Requirement:
The answer should match the entries below word for word, minus their pictures.

── Material for this exercise

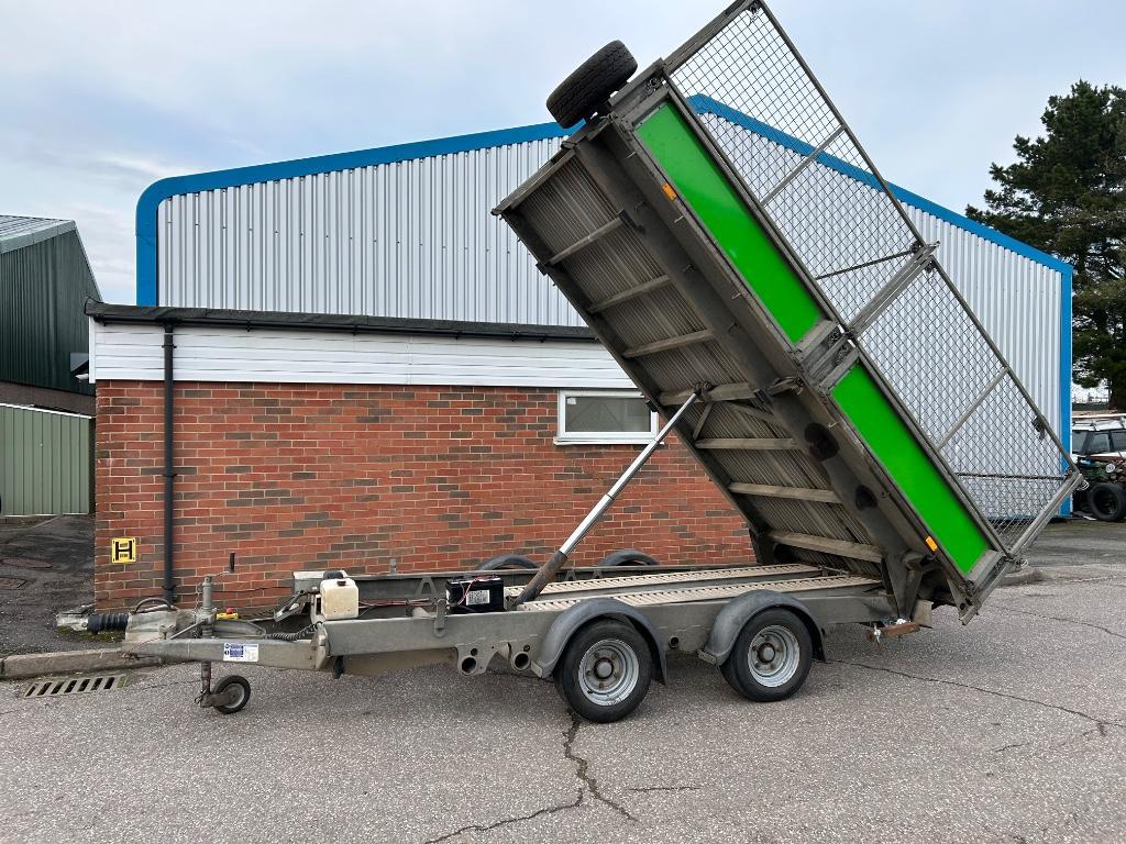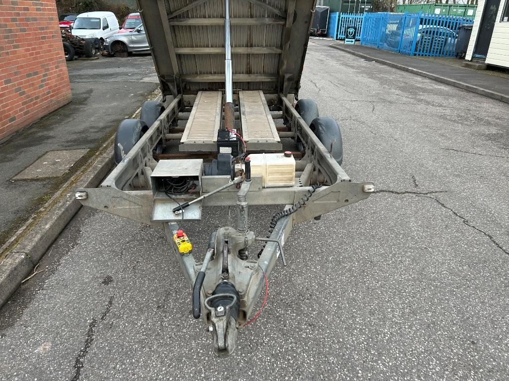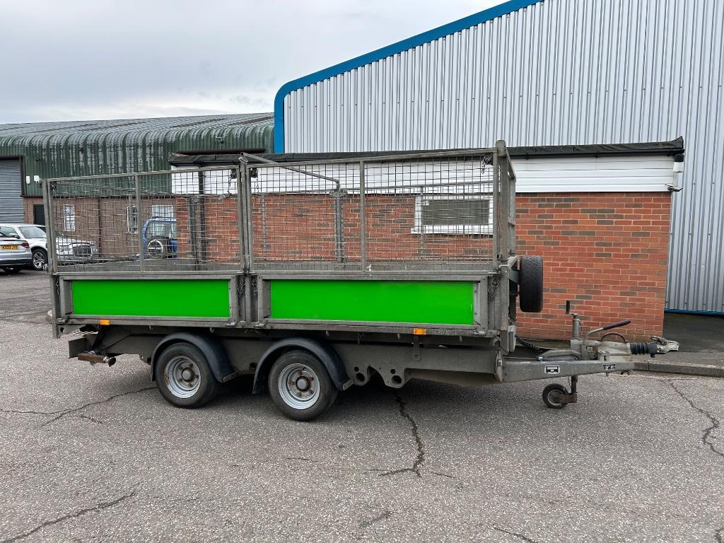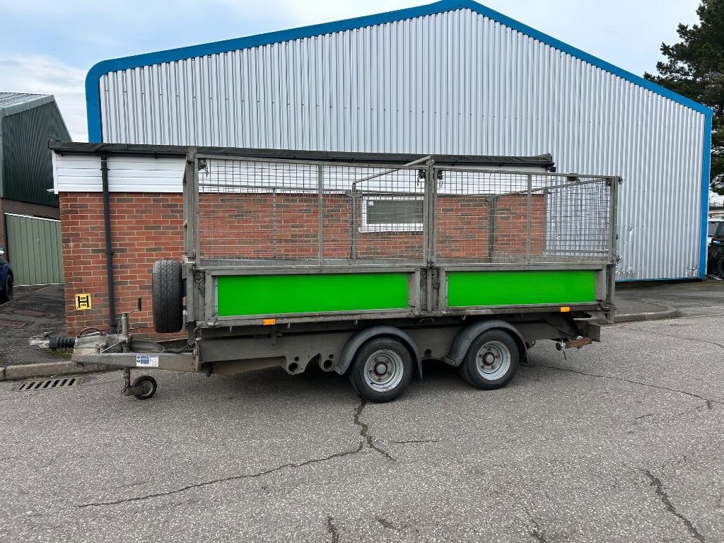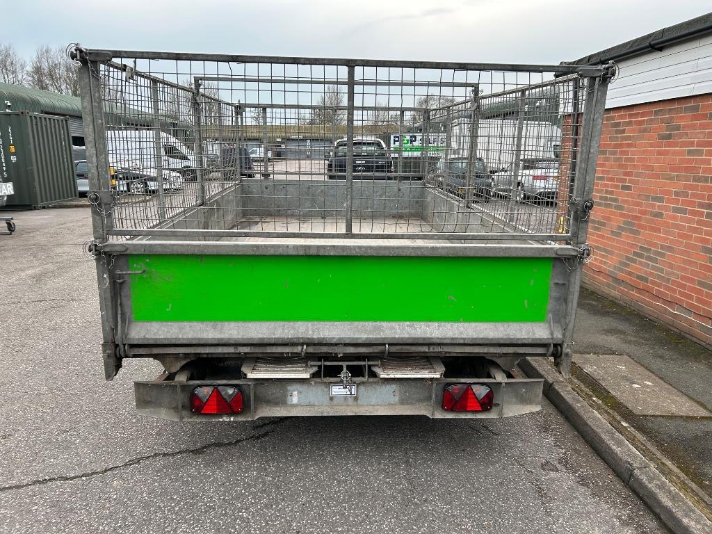 12’ x 6’ 6” tipping trailer with mesh sides and loading ramps. Trailer bought new in 2014 (one owner), always stored undercover. Excellent condition.
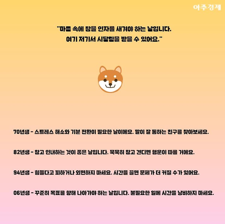 ▶개띠 오늘의 운세 "마음 속에 참을 인자를 새겨야 하는 날입니다. 여기 저기서 시달림을 받을 수 있어요."
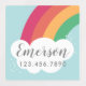 En vattentät etikett för små barn med vattentätt skoldekal som innehåller en kraftig vibrerande regnbåge med vitt fluffmoln och kalligrafi Namn och barns mobila nummer under. Lägg till detta i olika produkter från back to school för enkel märkning med personlighet och känsla. Underbar för lunchlådor, vattenflaskor, påsar för bok, mappar, bokar, handdukar och andra personliga artiklar. Se efter om Stacey Meacham samordnar tillbehören och ytterligare variationer i färg.
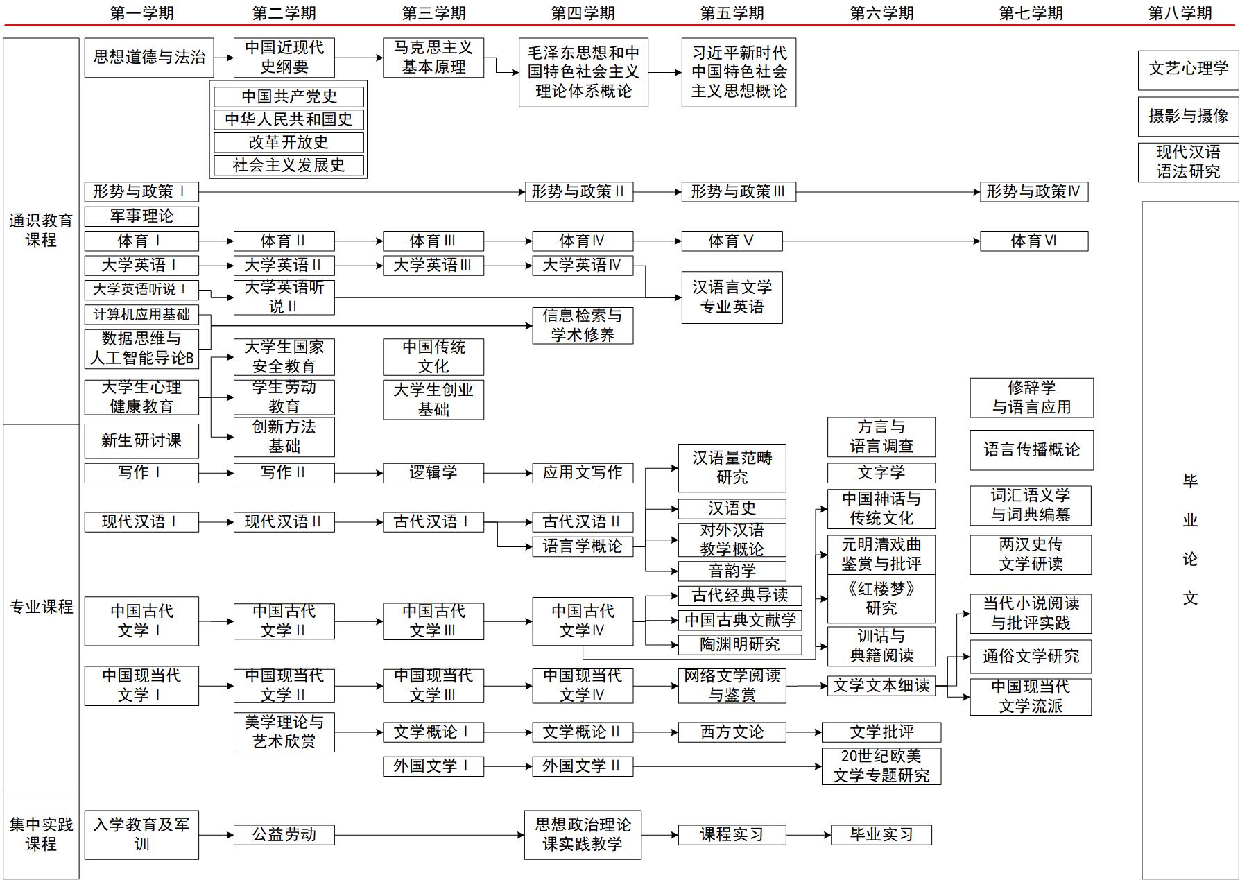 2-3[专业素质]具有较高的人文素质,了解汉语言文学与其他社会科学、社会实践的相关性,对学习科学相关知识有一定的了解。
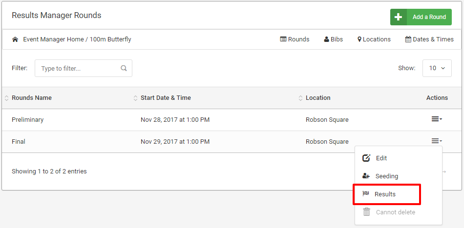 With the Rounds already populated, it is time to start Seeding. Next to the name of the round (Ex: Preliminary), click on the Actions menu, then click Seeding.
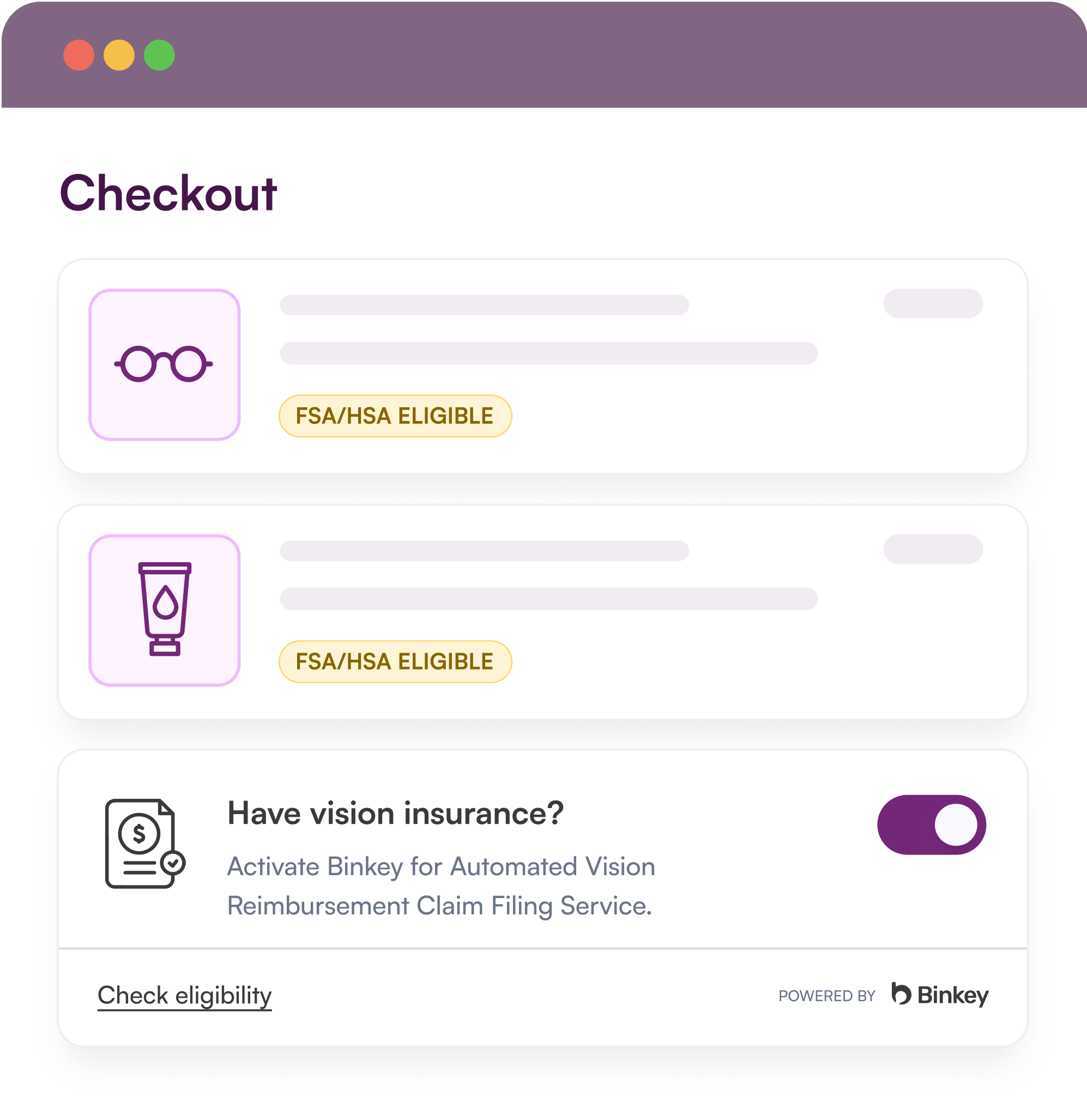 Binkey helps online vision merchants process out-of-network insurance claims for all US vision plans, attracting more consumers and maximizing their benefits.
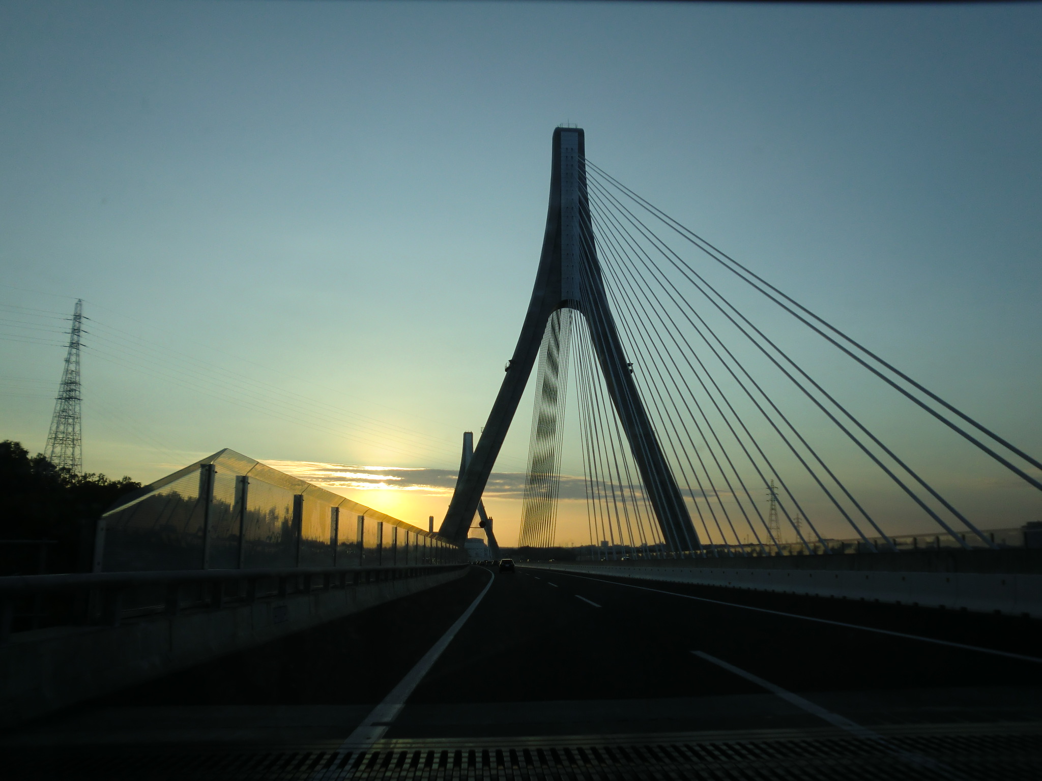 その後東海北陸自動車道から、東海環状自動車道に入り、豊田JCTで伊勢湾岸自動車道、四日市方向に進みました。伊勢湾にかかるつり橋と夕日がきれいでした。この辺りまで、無言だったナビは、途中から復活し、目的地の桑名のホテルまでエスコートしてくれました。午後5時過です。
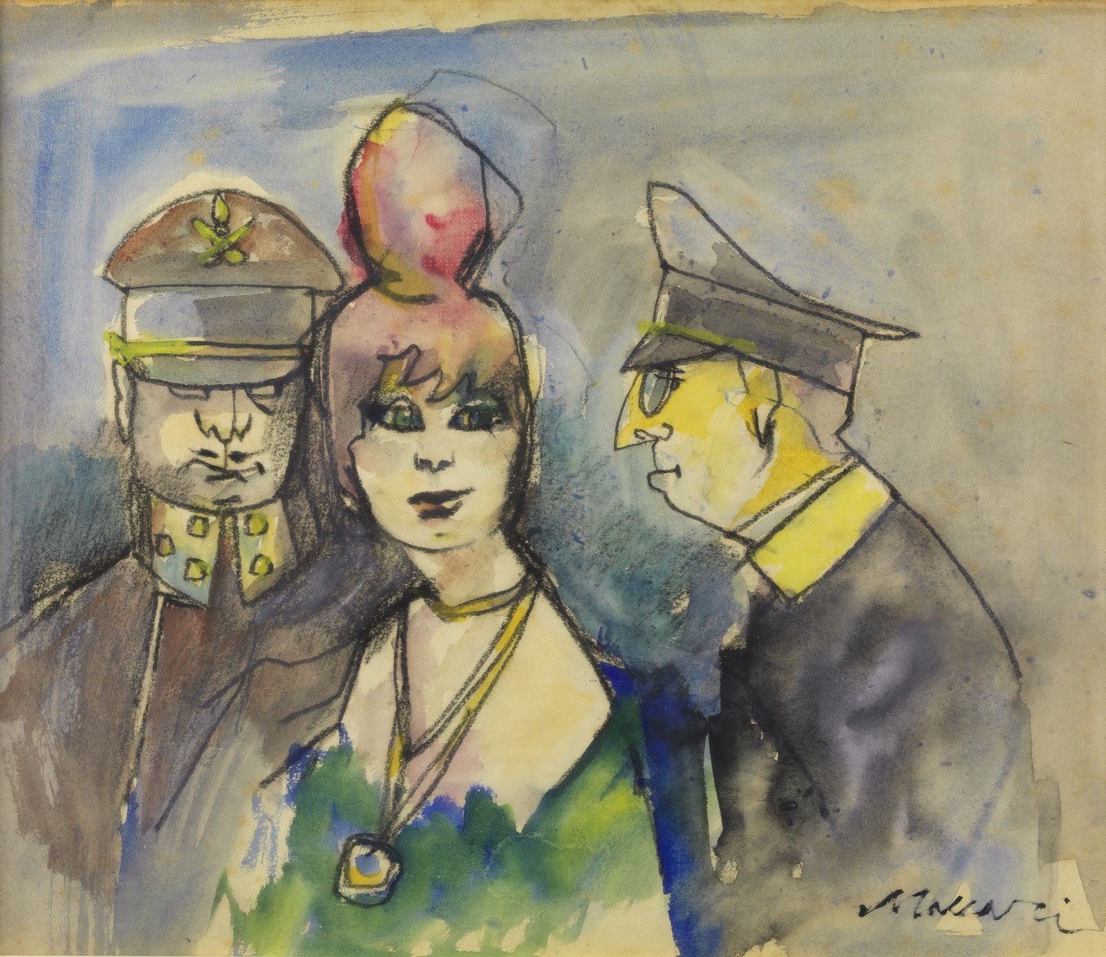 MACCARI MINO (1898 - 1989) Senza titolo. Tecnica mista su carta su tela. Cm 60,00 x 50,00. Firma in basso a destra. Opera archiviata presso l'Archivio Mino Maccari, Cinquale come da documentazione fotografica allegata all'opera riportante il relativo numero d'inventario. Anni'80. Cornice presente

────

Task solution:
 12’ x 6’ 6” tipping trailer with mesh sides and loading ramps. Trailer bought new in 2014 (one owner), always stored undercover. Excellent condition.
 ▶개띠 오늘의 운세 "마음 속에 참을 인자를 새겨야 하는 날입니다. 여기 저기서 시달림을 받을 수 있어요."
 En vattentät etikett för små barn med vattentätt skoldekal som innehåller en kraftig vibrerande regnbåge med vitt fluffmoln och kalligrafi Namn och barns mobila nummer under. Lägg till detta i olika produkter från back to school för enkel märkning med personlighet och känsla. Underbar för lunchlådor, vattenflaskor, påsar för bok, mappar, bokar, handdukar och andra personliga artiklar. Se efter om Stacey Meacham samordnar tillbehören och ytterligare variationer i färg.
 2-3[专业素质]具有较高的人文素质,了解汉语言文学与其他社会科学、社会实践的相关性,对学习科学相关知识有一定的了解。
 With the Rounds already populated, it is time to start Seeding. Next to the name of the round (Ex: Preliminary), click on the Actions menu, then click Seeding.
 Binkey helps online vision merchants process out-of-network insurance claims for all US vision plans, attracting more consumers and maximizing their benefits.
 その後東海北陸自動車道から、東海環状自動車道に入り、豊田JCTで伊勢湾岸自動車道、四日市方向に進みました。伊勢湾にかかるつり橋と夕日がきれいでした。この辺りまで、無言だったナビは、途中から復活し、目的地の桑名のホテルまでエスコートしてくれました。午後5時過です。
 MACCARI MINO (1898 - 1989) Senza titolo. Tecnica mista su carta su tela. Cm 60,00 x 50,00. Firma in basso a destra. Opera archiviata presso l'Archivio Mino Maccari, Cinquale come da documentazione fotografica allegata all'opera riportante il relativo numero d'inventario. Anni'80. Cornice presente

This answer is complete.